* About this task
Using the data below, return word for word every line from the one holding "傷んでいるあなたの髪に、ツバキオイルの一滴を。" down to the one holding "Właściwości wiatro- i". Leave pictures out.

(Records from a dataset)
........
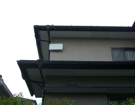 福岡市の南庄にお住いのお客様からアンテナの工事依頼です。今日中にと言うことで糸島の志摩から早良区の南庄に出かけました。雨が降っていたので営業の方も心配してましたが、なんとか工事できました。道路から見えないようにと言うことだったんですが、ひさしが出ていたのでアンテナの仰角が調整できずひさしをかわすように表に出てしまいました。映らないと付けた意味がないんで・・
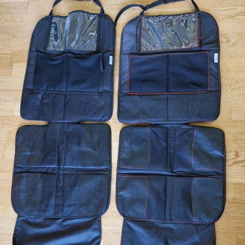 BeSafe setebeskytter for bil. Festes rundt nakkestøtten og har hull for å feste isofix/bilbelte.
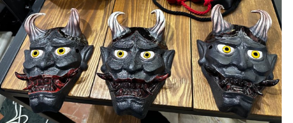 Глазурь — не краска. Она ведёт себя как слой, который взаимодействует с поверхностью, толщиной нанесения и обжигом. А при использовани эффектарной глазури различия еще более ощутимы. Плюс фарфор реально живой материал. И при обжиге это свойство фарфора индивидуализирует каждую маску. Например, у каждой Ханьи особенно загнуты рога.
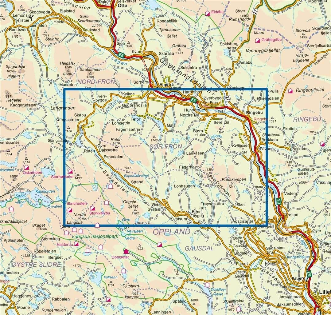 Enthaltene Orte, Berge und Seen: Tverbygda, Kvinke, Harpefoss, Overbygda, Sor-Fron, Ringebu, Frya, Hundorp, Nordre Lia, Gundbrandslia, Skabu, Kampesaetra, Fefor, Lomsetrin, Gala, Bjornstulen, Kvitfjellet, Favang, Losna, Prestkampen, Skei, Austlisaeter, Bennlibygda, Svatsum, Ovre Svatsum, Ongsjofjellet, Nordre Langsua, Ruten, Ovre Dalssaetra, Espedalen, Strand, Longhaugen, Fangerhoy, Lauvasen. Region: Norwegen (SĂĽdnorwegen), Sor-Fron, Oppland, Nord-Fron, Ringebu.
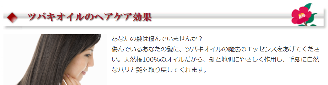 傷んでいるあなたの髪に、ツバキオイルの一滴を。
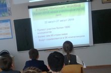 Урок "WorldSkills Kazan 2019" 26.01.2019В рамках подготовки к проведению Мирового чемпионата по профессиональному мастерству по стандартам "WorldSkills" в Казани классный руководитель 8 класса Низамова Л.Г. провела урок "WorldSkills Kazan 2019". Особое внимание на уроке уделялся популяризации различных профессий, вовлечению подростков в волонтёрскую деятельность.
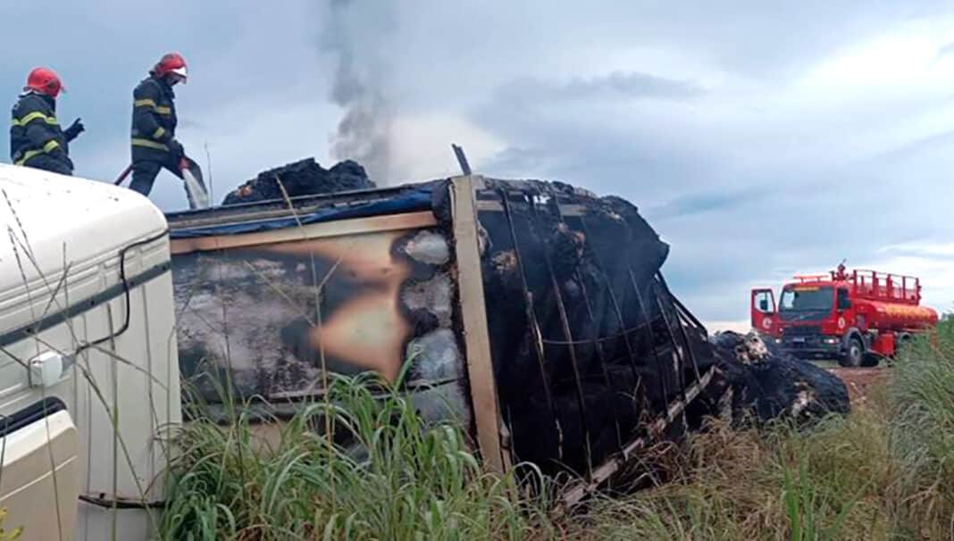 Carreta carregada com algodão tomba e pega fogo em Mato Grosso
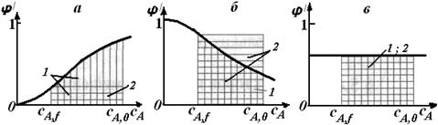 Выход целевого продукта ФR, определенный по уравнениям (5.16) для реактора идеального вытеснения и (5.17) для реактора идеального смешения, можно представить графически в виде площадей криволинейной трапеции (ФR,B) и прямоугольника (ФR,С). Соотношение между этими площадями зависит от характера функции φ'(cА).
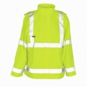 Właściwości wiatro- i wodoszczelne.; Wodoodporny materiał z klejonymi szwami, więc deszcz nie dostanie się do środka.; Dodatkowa widoczność dla otoczenia dzięki zastosowaniu pionowych i poziomych pasków refleksyjnych.; Kaptur z regulowaną gumką, można go zwinąć i umieścić w kołnierzu.; Otwory wentylacyjne na plecach.
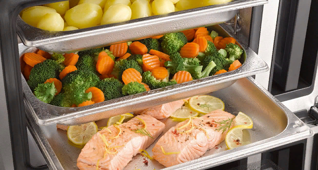 УХА, ГАРНИРЫ И ЛАВРАК ОБЫКНОВЕННЫЙ — ВАРИАЦИИ ДЛЯ ПЛОТНОГО УЖИНА С ЛУЧШИМИ ДРУЗЬЯМИ Из всех способов приготовления еды самым гуманным справедливо считается на пару. Продукты в этом случае не теряют в полезных свойствах, приобретают совершенно картинную сочность, да и на организм такая еда оказывает на редкость благоприятное действие. Неудивительно, что одним из самых популярных кухонных гаджетов наших дней стала пароварка. Помимо перечисленных выше преимуществ не стоит забывать и про удобство и легкость готовки — пароварка довольно терпима к возможным ошибкам на кухне, помогает экономить время и место, а что до объемов исходных порций, то тут можно за один раз с легкостью приготовить сет на шестерых. Hапример, встраиваемая комбипароварка Miele DGC 6600 XL из серии Generation 6000 оснащена рабочей камерой объемом в 48 литров, способна чередовать пропаривание и конвекцию горячим воздухом (что чаще можно встретить на кухнях ресторанов, нежели на обычных), а при желании легко превращается
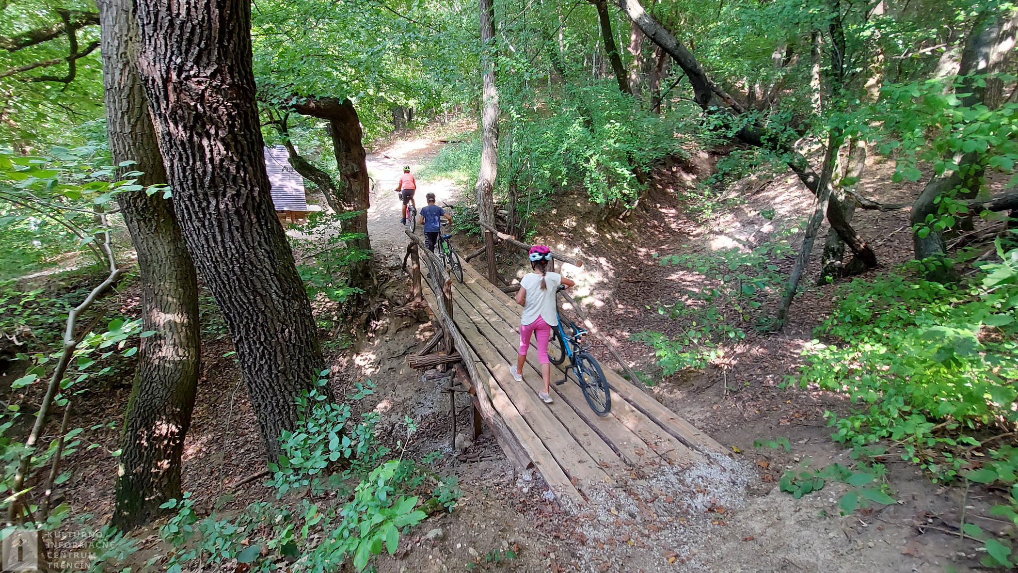 Lesná cestička je dobre ukrytá pred zrakmi miesta neznalých prieskumníkov. My sme však „zdejší“ a dobre to tu všetko poznáme. Ideme po lesnej cestičke až ku samotnej kyselke. Niekde sa lesom vezieme, niekde tlačíme naše bajky. Hlavne treba dbať na bezpečnosť.
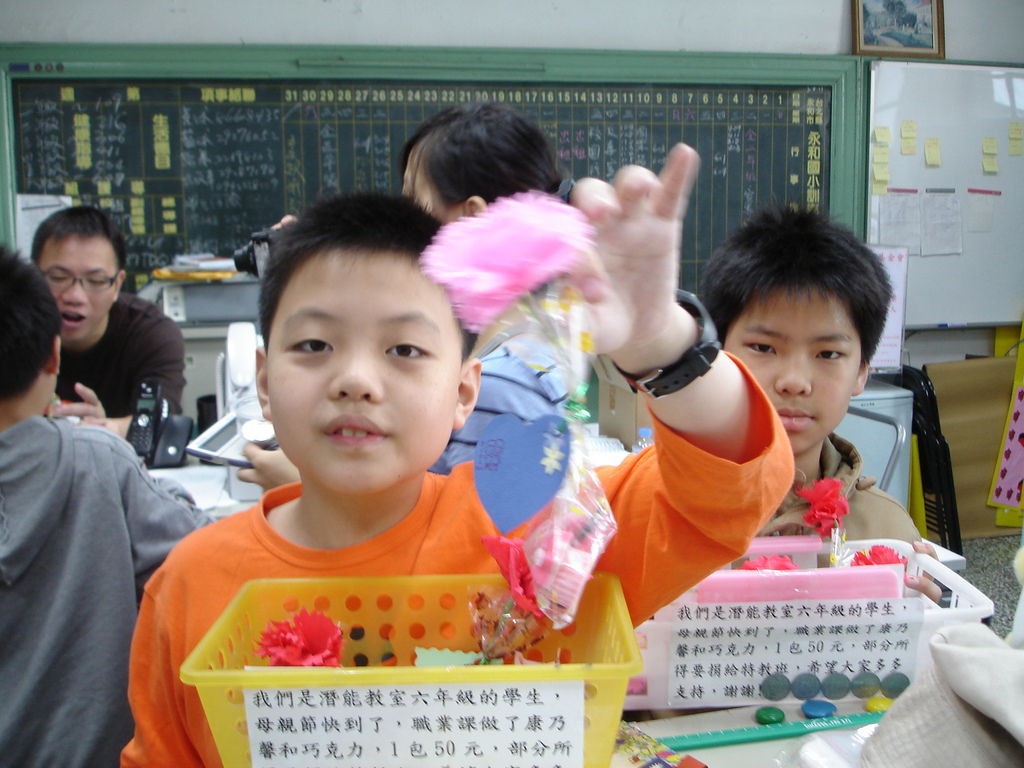 請看!這些是潛能班小朋友親手做的康乃馨紙花與親自烘焙的巧克力喔!
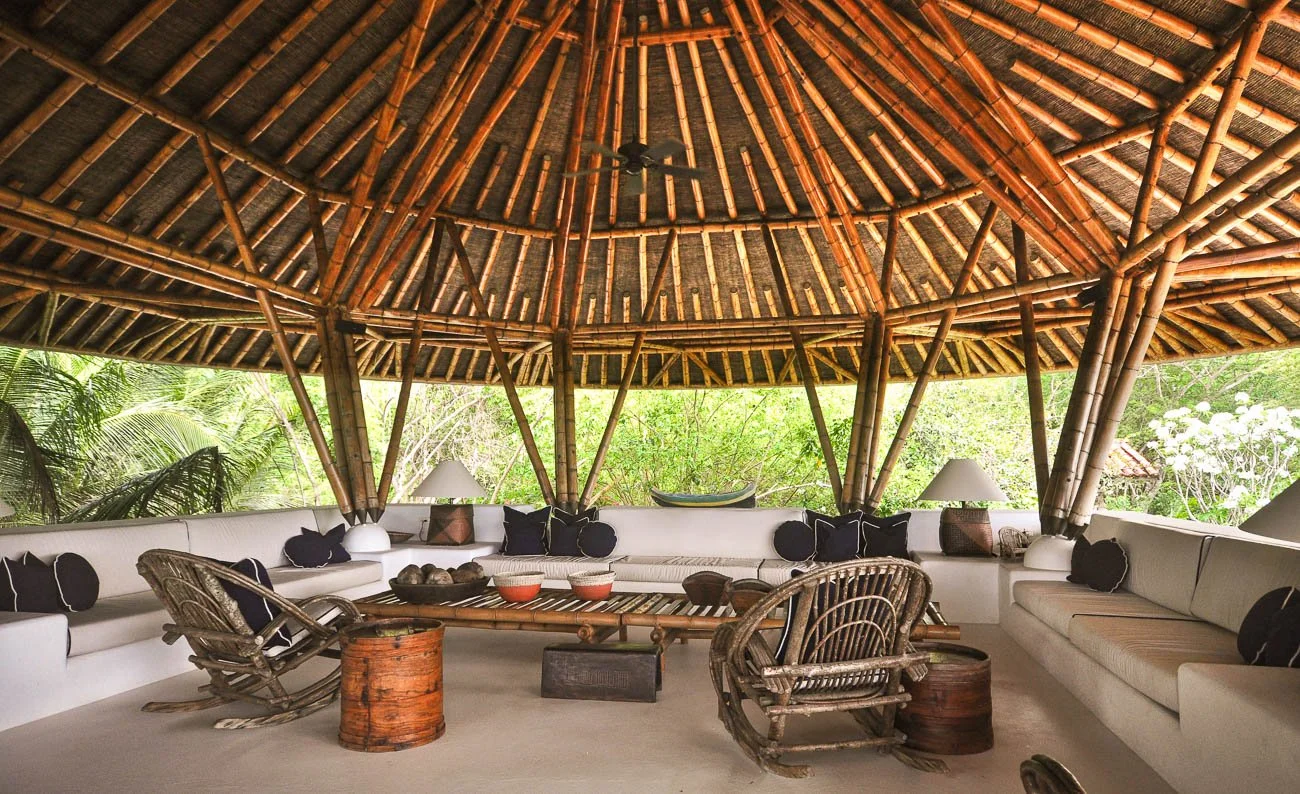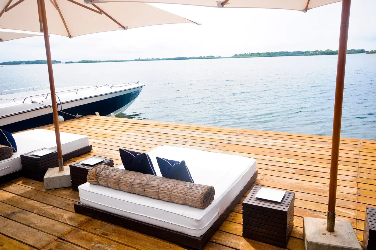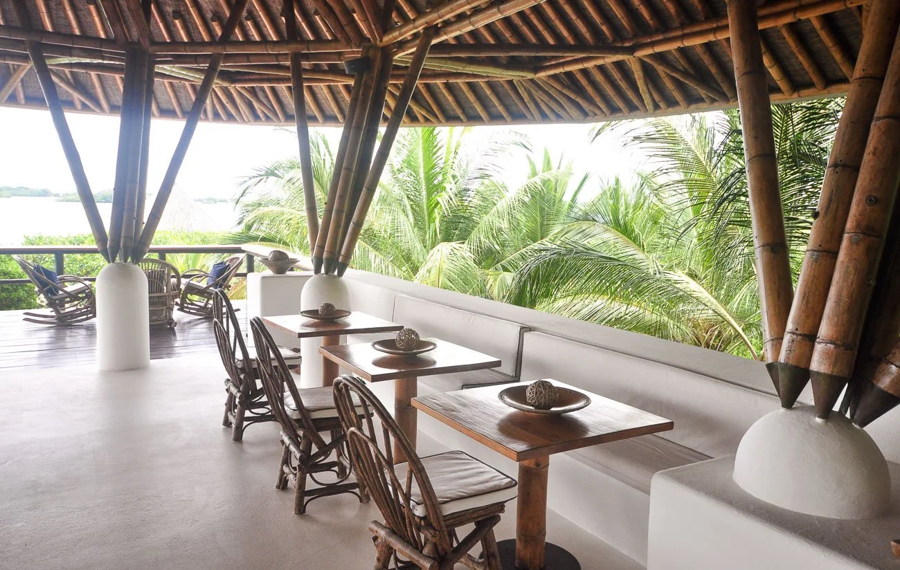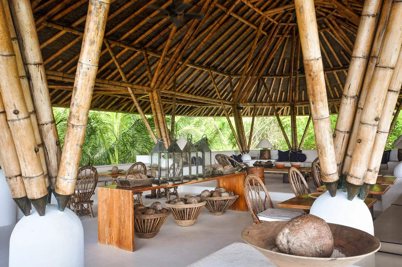 The dining room itself is beautifully constructed from bamboo and woven palm. It reflects Pinto’s understated tropical chic style. Yet it is the act of dining barefoot in a robe, overlooking nothing but water and sky, that defines the experience.
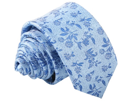 KRAWAT ŻAKARD BŁĘKITNY W KWIATKI [2397]
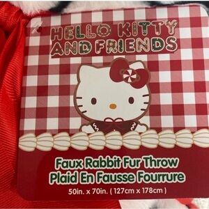 NWT HELLO KITTY FAUX RABBIT FUR CANDY CANE CHRISTMAS THROW BLANKET
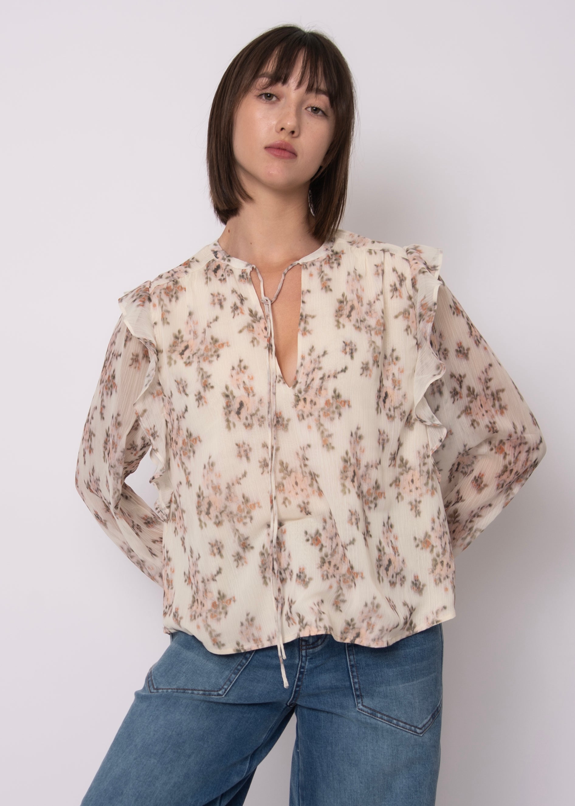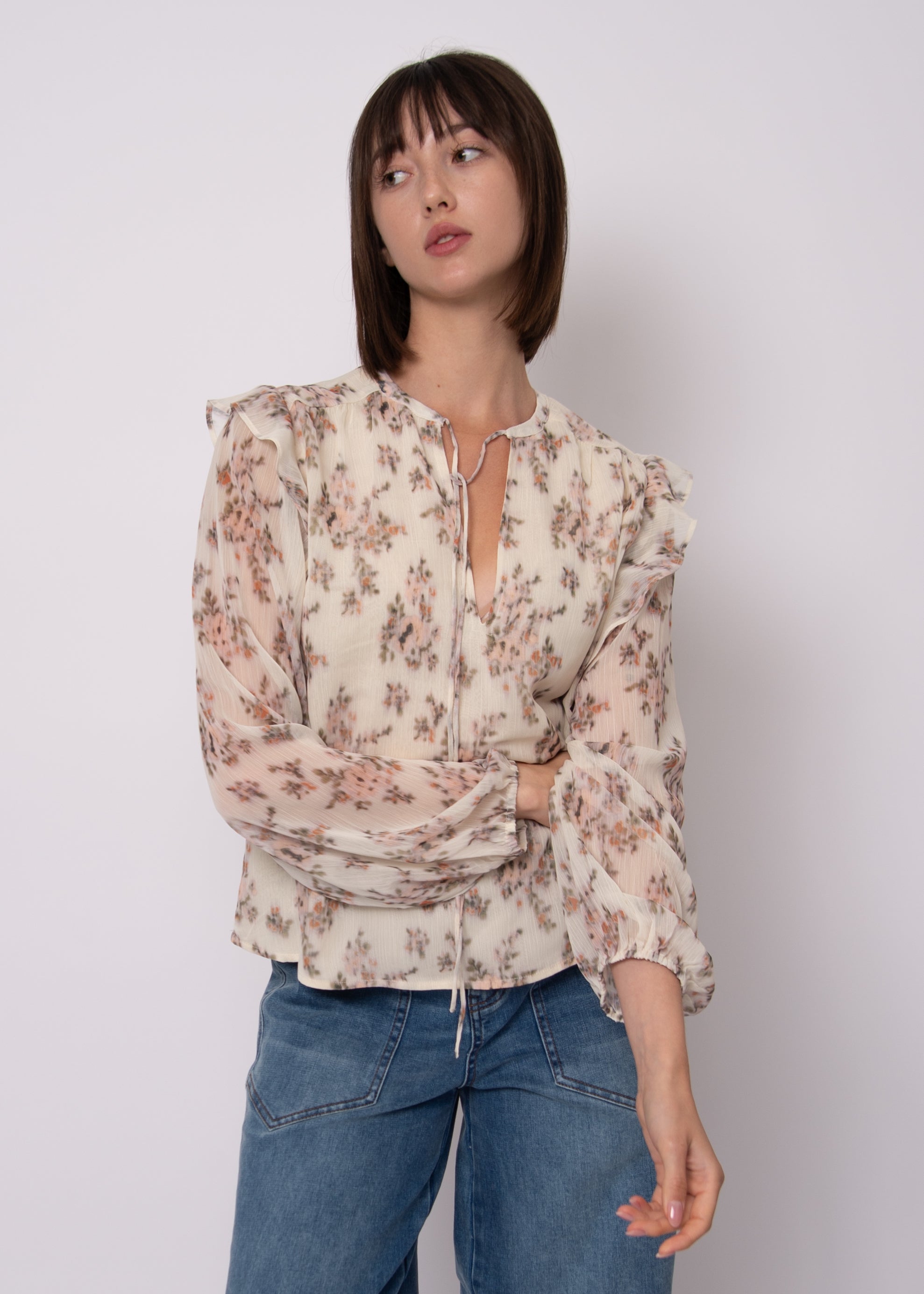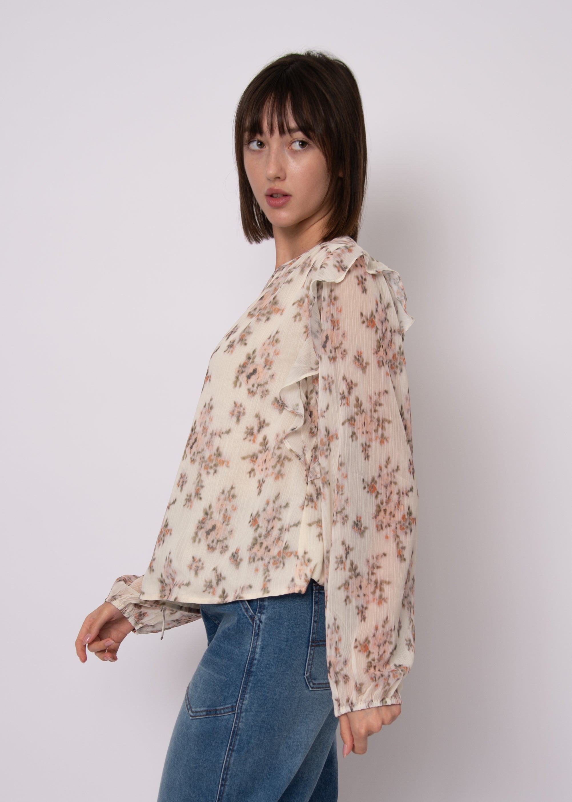 ELFI CRINKLE CHIFFON TOP is an in-season staple piece that combines comfort with an edgy and effortless design, all at a consumer-friendly price point. It features a split neck and crinkled chiffon in a beautiful peach floral pattern.
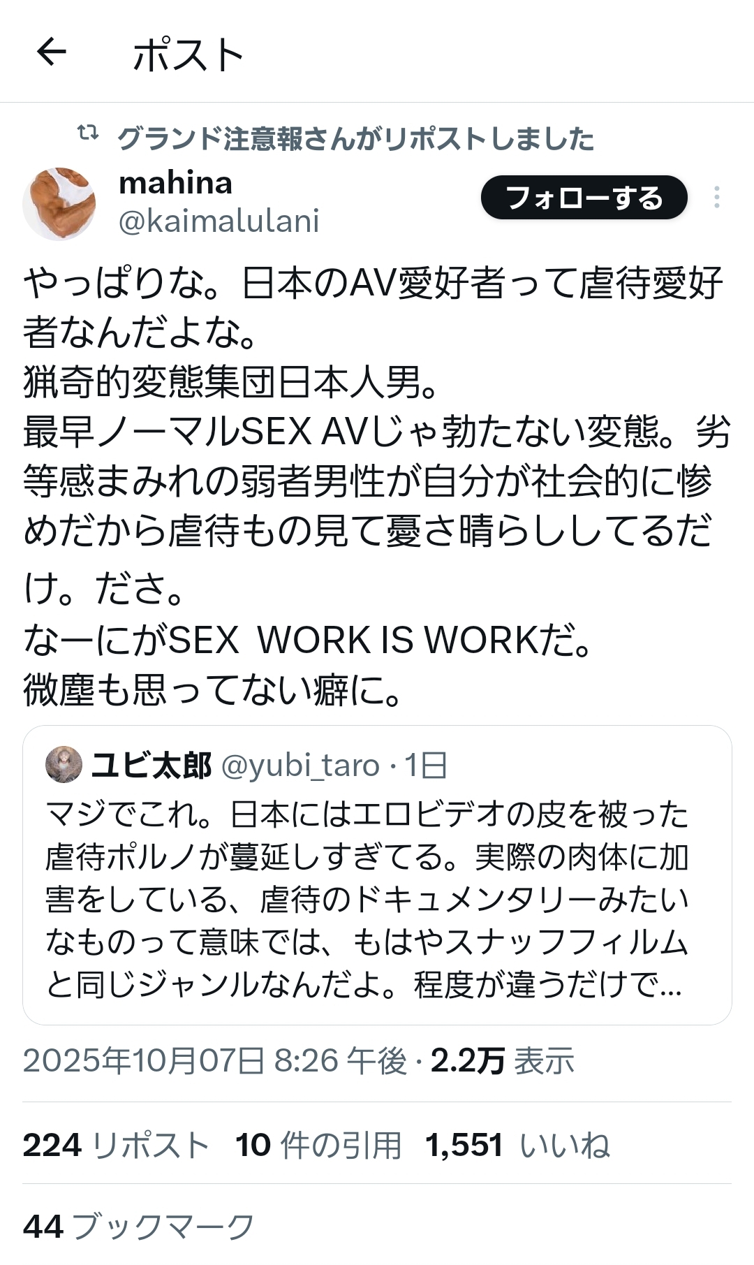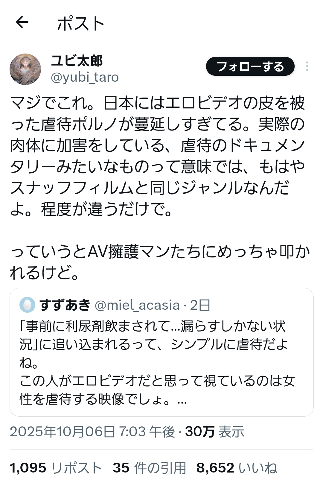 … | 2無念Nameとしあき25/10/08(水)12:49:16No.1357115262+ 1759895356112.jpg-(513544 B) ![]() マジでこれ。日本にはエロビデオの皮を被った虐待ポルノが蔓延しすぎてる。実際の肉体に加害をしている、虐待のドキュメンタリーみたいなものって意味では、もはやスナッフフィルムと同じジャンルなんだよ。程度が違うだけで。 |
........
* Response to this task
 傷んでいるあなたの髪に、ツバキオイルの一滴を。
 Урок "WorldSkills Kazan 2019" 26.01.2019В рамках подготовки к проведению Мирового чемпионата по профессиональному мастерству по стандартам "WorldSkills" в Казани классный руководитель 8 класса Низамова Л.Г. провела урок "WorldSkills Kazan 2019". Особое внимание на уроке уделялся популяризации различных профессий, вовлечению подростков в волонтёрскую деятельность.
 Carreta carregada com algodão tomba e pega fogo em Mato Grosso
 Выход целевого продукта ФR, определенный по уравнениям (5.16) для реактора идеального вытеснения и (5.17) для реактора идеального смешения, можно представить графически в виде площадей криволинейной трапеции (ФR,B) и прямоугольника (ФR,С). Соотношение между этими площадями зависит от характера функции φ'(cА).
 Właściwości wiatro- i wodoszczelne.; Wodoodporny materiał z klejonymi szwami, więc deszcz nie dostanie się do środka.; Dodatkowa widoczność dla otoczenia dzięki zastosowaniu pionowych i poziomych pasków refleksyjnych.; Kaptur z regulowaną gumką, można go zwinąć i umieścić w kołnierzu.; Otwory wentylacyjne na plecach.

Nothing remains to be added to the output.